He told the Grant Park Advisory Board on Wednesday that the rabbits have been drawn by park vegetation - lawns, plants and the sap behind tree bark.

City officials are concerned that the rabbits might harm some 200 elm trees that are to be planted in the park, which is located along the downtown lakefront.

The advisory board is working with the city to develop a permanent, yet humane, solution to the rabbits, said board president Bob O'Neill, who called the situation desperate.

The best way to protect the new elms would be to erect wire-mesh fences around the trees, then trap and relocate the rabbits, Brown said.

O'Neill said the city made such a move last year, capturing rabbits and moving them to the Cook County Forest Preserve.
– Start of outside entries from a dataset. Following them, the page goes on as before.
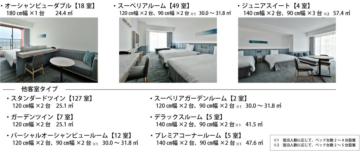 2階から7階までの客室フロアには、24.4~54.7㎡まで9タイプ229室のバリエーションに富んだ客室を設けており、全てのお部屋にバルコニーを設置しております。全室禁煙で空気洗浄機を完備。全館Wi-Fiも無料でご利用いただけます。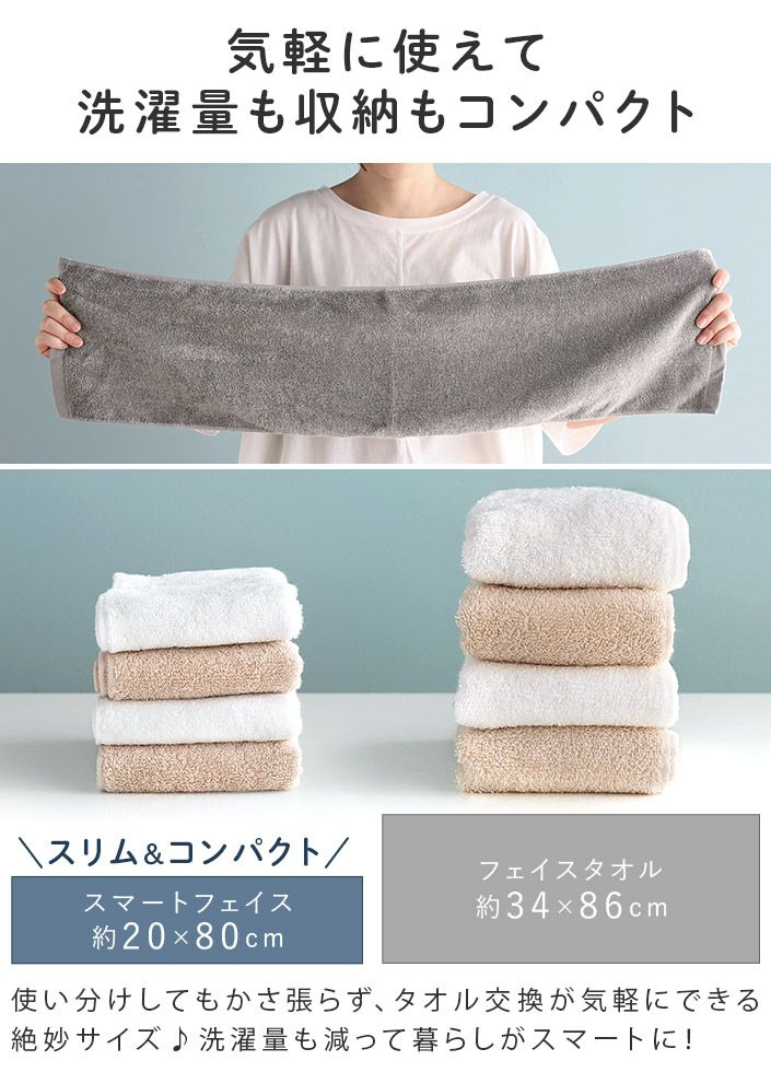 スリム&コンパクトで使い分けに便利 (送料無料)<同色2枚セット>日本製 ホテルスタイルタオル スマートフェイスタオル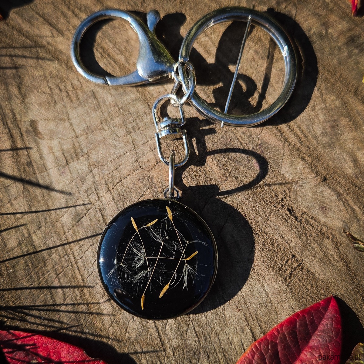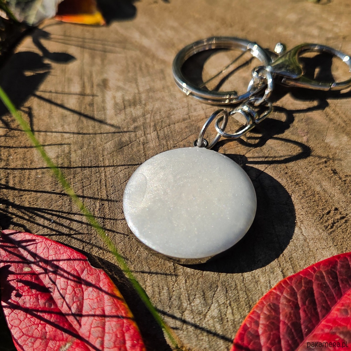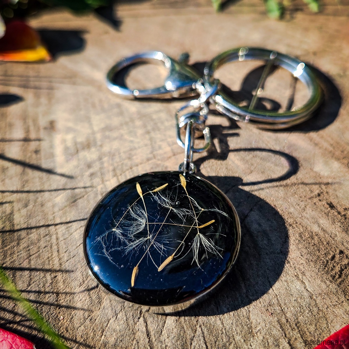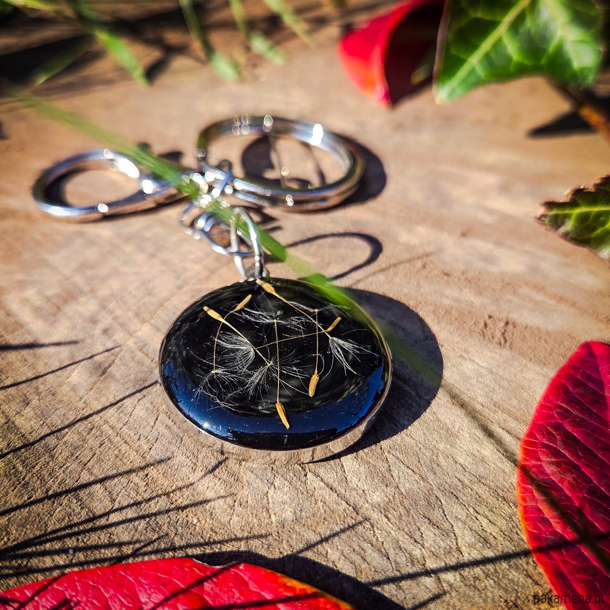 Breloczek z dmuchawcem zatopionym w żywicy epoksydowej.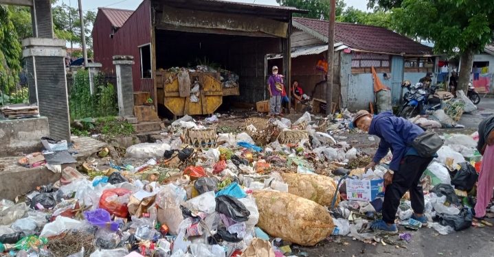 Dua unit kontrainer yang disiapkan di dalam rumah sampah terlihat sudah penuh, sehingga hal itulah yang mengakibatkan sampah berserakan sampai ke badan jalan.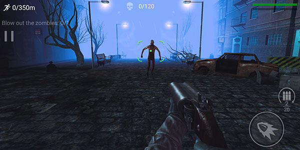 2、面对僵尸的进攻,我们会以绿色准星自动进行瞄准。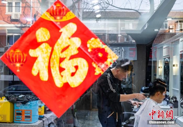 资料图:市民在北京市西城区一家发廊理发,期许吉祥兆头。中新社记者 侯宇 摄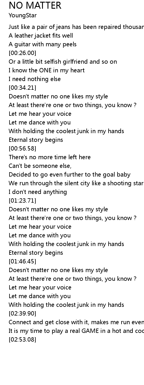 | [01:24.69] | Doesn't matter no one likes my style |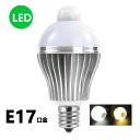 人間の動きを感知した時だけに自動的に点灯/消灯する人感センサー付きLED電球。消す忘れ、節電や防犯に役立つ。LED電球 人感センサー E17口金 7W 50W相当 自動点灯消灯 節電対策 電球色 昼光色
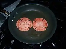 Pork roll is prepared by slicing it, if it is not already sliced, and then frying, searing, or griddling the slices.[2]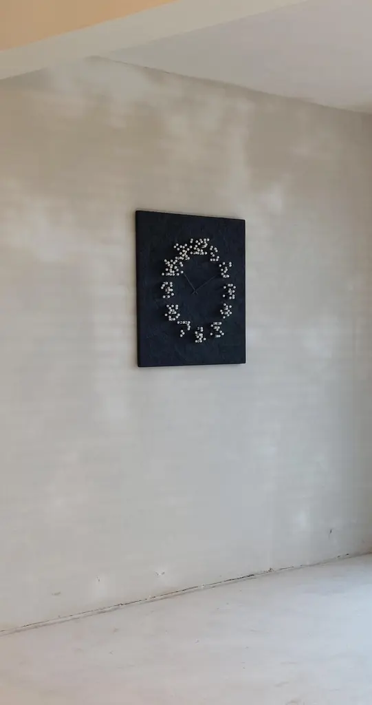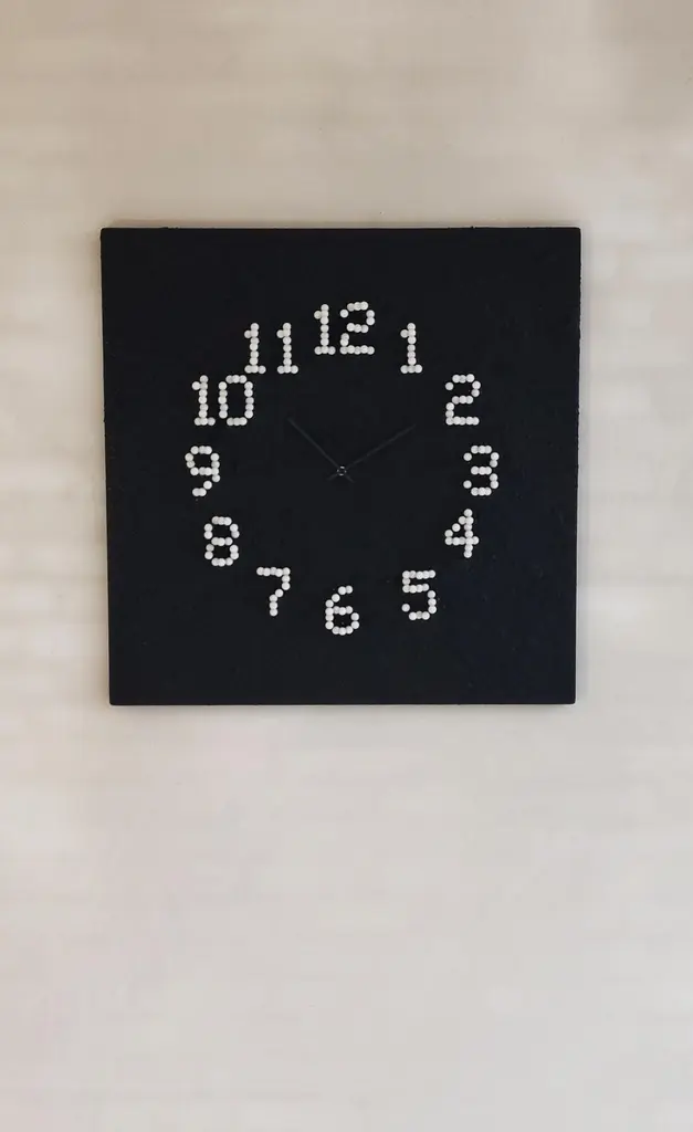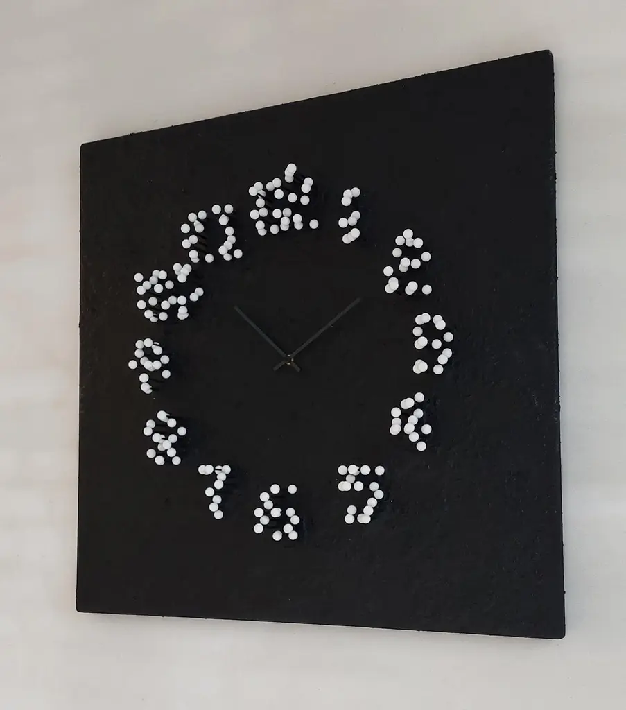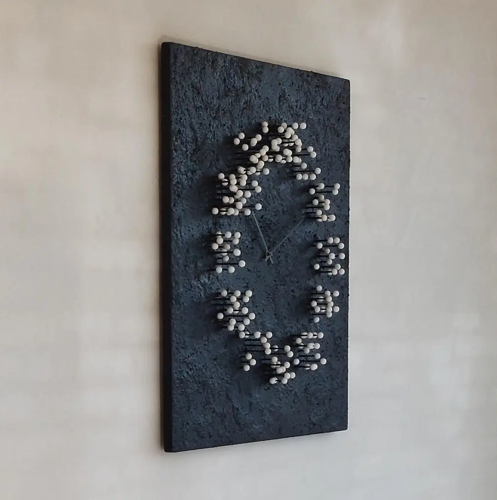 Mocap (moonwalk)Illusionistic wall clockDesign: JAN PAUL“Time is an illusion”Most wall-clocks have the same basic shape: round. Also the same looking time-indication by numbers or stripes.“MOCAP” steps away from the basic. It’s appearance leans more to a piece of conceptual art ,then to a basic time-telling clock. When you stand in front of the clock: the numbers are clear and visible. When you walk around it: numbers slowly seem to dissolve, and appear to fall apart in little floating white balls.This optical illusion results in a striking and intriguing piece. Inspired by “MOTION CAPTURE” technique used in the movie-industry.The Mocap “Moon” version is coated with a self developed structured black surface. This surface will absorb the light and make the white balls even more contrasting with the surface. Enhancing the visual effect. The texture also gives the design a “walking on the moon” atmosphere.Status: Unlimited edition , signed and numbered by maker. material: composite / wood / metaldimensions:Height: 75 cm. / 29,5 inch width: 75 cm./ 29,5 inch depth: 10 cm./ 4 inch color: Clock-face finished in matted black, causing the bright white balls to seemingly float in mid-air.-Clock-hands finished in anthracite so they are subtle visible. against the matted black background.Product weight: 7 kg. / 14,5 lb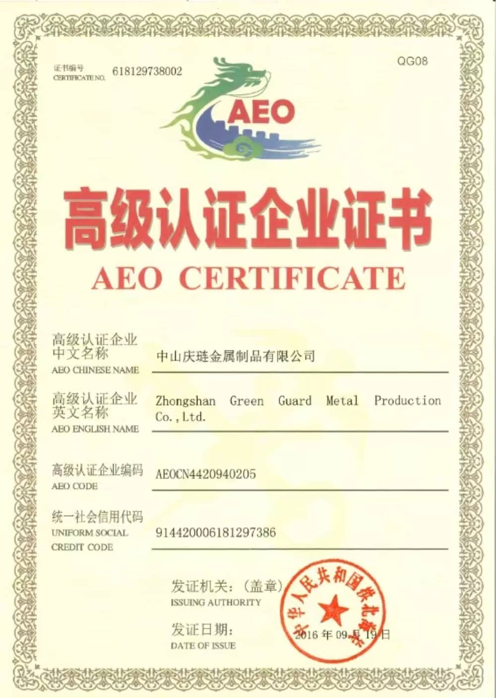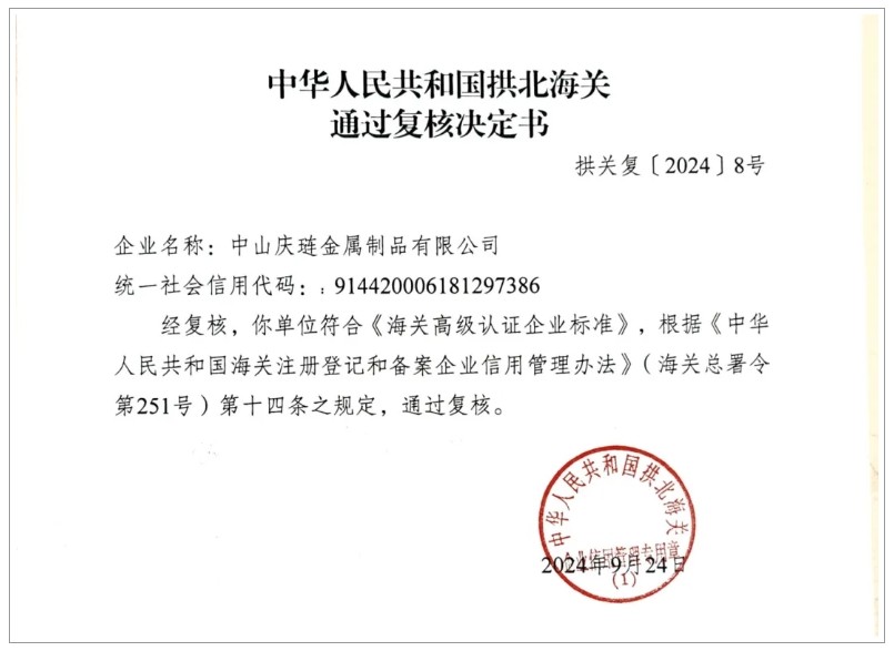 9月24日,我公司接拱北海关通知,经审核,中山庆琏符合《海关高级认证企业标准》,顺利通过复核。这标志着中山庆琏在执行AEO所要求的内部控制、财务状况、守法规范、贸易安全四大标准的合规管理水平和安全运营能力再次得到海关的权威认可。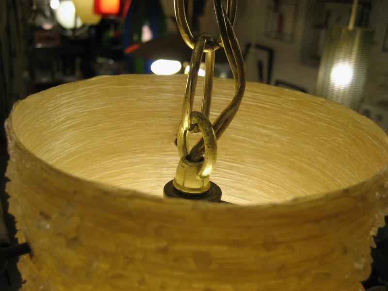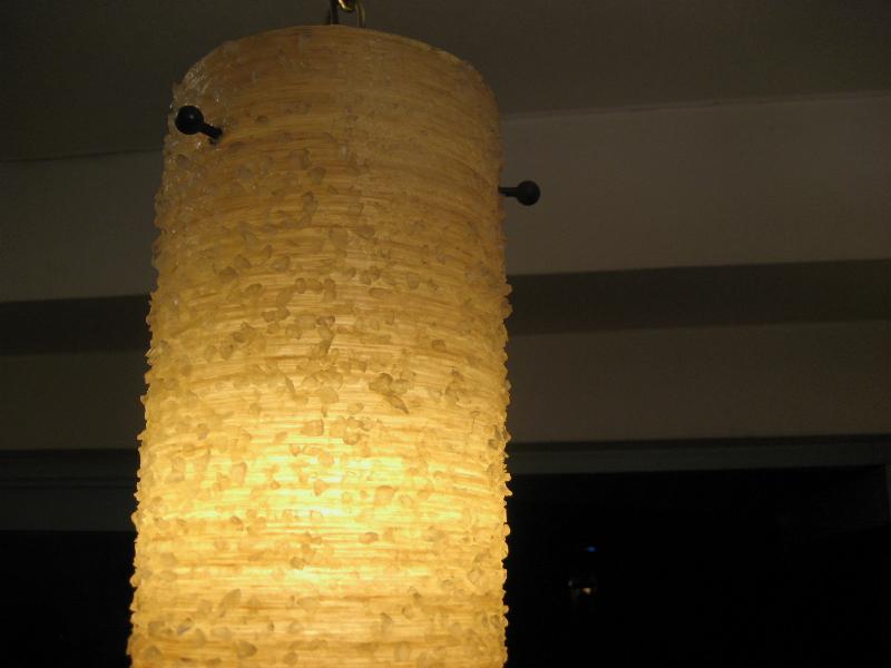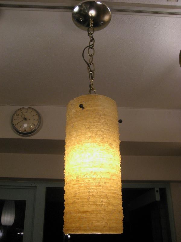 | ビンテージアトミックペンダントランプ / 50-60年代 USA アクリル成型シリンダーシェードのビンテージライティング。シェード表面に同じ素材のロック状の粒がランダムにデコレートされています(砂絵のような感じ・・・) クールでGOODなビンテージライティングピース! 電源は引っ掛けシーリングに交換済みですのですぐに設置可能です。 |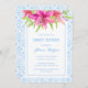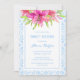 Este convite maravilhosamente desenhado apresenta uma ilustração impressionante da cor d'água de uma flor de lírio rosa e um quadro azul de azulejos cerâmicos azulejo. Você pode personalizar facilmente o texto e incluir a idade do celebrante para torná-lo ainda mais personalizado. Compartilhe a alegria com os seus amigos e família e faça deste aniversário milestone para se lembrar!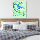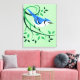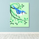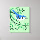 Decorative canvas bird art with customizable background color of Blue Jay perched on stylized branches and leaves

But the effort did little to stifle the spread of the floppy-eared critters.

"They relocated 100 (rabbits) from the Green at Grant Park and there are hundreds and hundreds still in the park," O'Neill said.

Brown explained the reason behind the problem: The bunnies have a 30-day gestation period and produce four to six rabbits per litter, with as many as four litters per season.

While city and advisory board officials seek a bunny-friendly solution to the Grant Park problem, someone has taken a more drastic approach in years past.

In 2001, more than 100 rabbit carcasses with gunshot wounds were found in the park. No arrests have been made.

Brown called for more humane measures.

"Standard humane treatment says you capture the animal and we will return it to an ideal place for cottontail (rabbits)," he said.